As I drove past this imposing abandoned 1930s hotel last winter on a ski trip in Northern Italy, I was immediately taken in by the ominous sight: a huge green-shuttered hotel building in decay, with broken glass, boarded-up windows and missing roof tiles, dominating the skyline in the shadow of forboding snow-topped mountains. There was a certain The Shining meets Wes Anderson and The Grand Budapest Hotel feel to it all. My curiosity was peaked. I had to see more, know more. We stopped here one evening just before the sun set to investigate.

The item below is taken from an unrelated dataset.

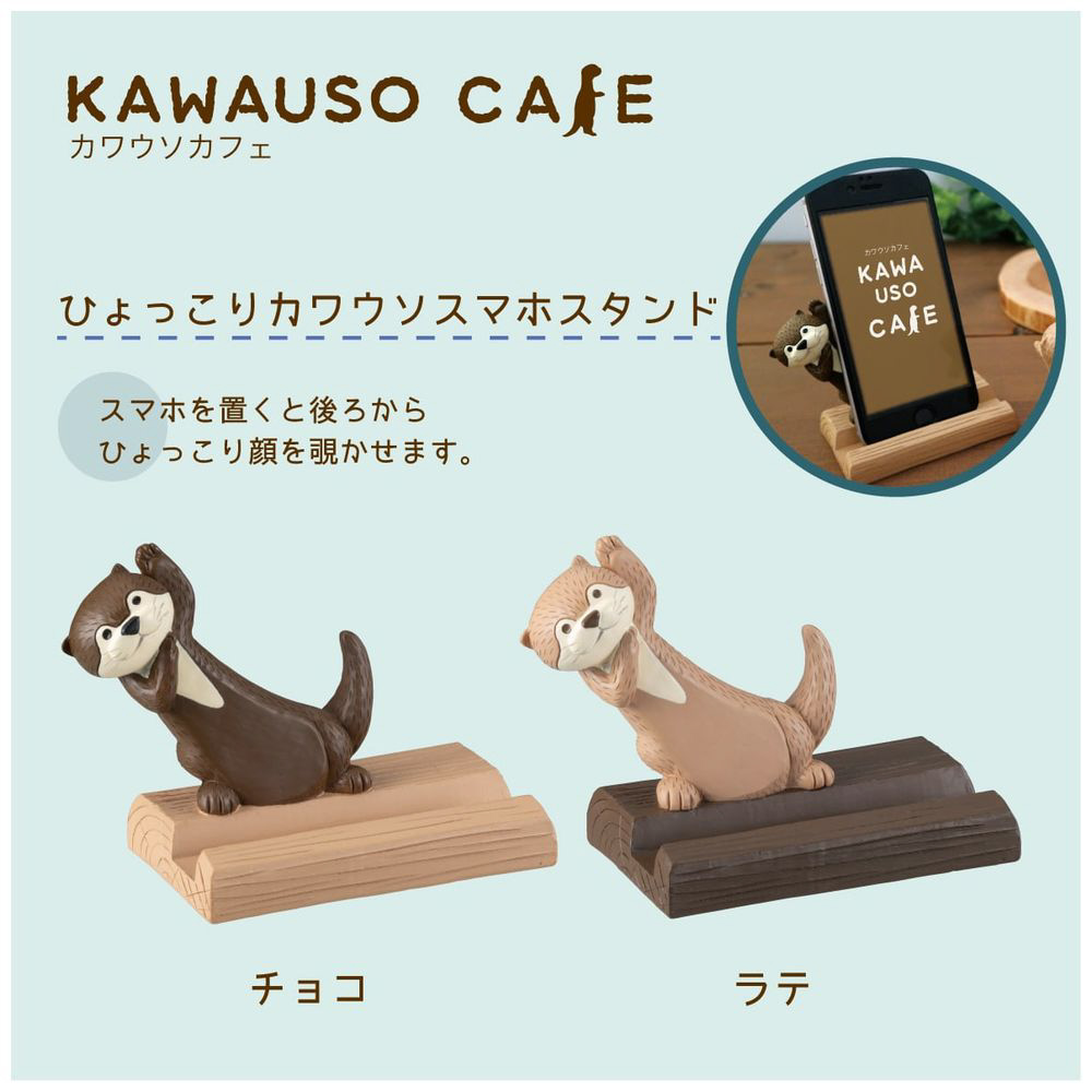 ゲームをするときや動画を見るときに便利なスマホスタンド。人気のカワウソカフェシリーズ。ほっこりなかよしカフェタイム。スマホを置くと後ろからひょっこり顔を覗かせます。

I learned that in the early hours of the morning on the 1st of May, 2004, flames destroyed the newer part of the Hotel Buscathedy, trapping the hotel manager inside where he tragically died. He was the only casualty. I’d heard a few different versions of events as to how the fire started; some suggest the six-storey formerly-grand hotel had become too expensive to run and, after a dispute, the manager intentionally set fire to the annex. Others suggest it was accidental. In any case, the insurance was invalidated and the hotel, too expensive to repair, has sat empty, slowly falling into disrepair over the last 16 years. The hotel is for sale for five million euros.
Inside, the rooms are today still filled with furniture and memories. The kitchen on the ground floor contains boxes of christmas decorations, the palatial ballroom is stacked with cobwebbed chairs, the floor scattered with hotel check-in stationary, handwritten records, documents and old magazines, echos of a past life.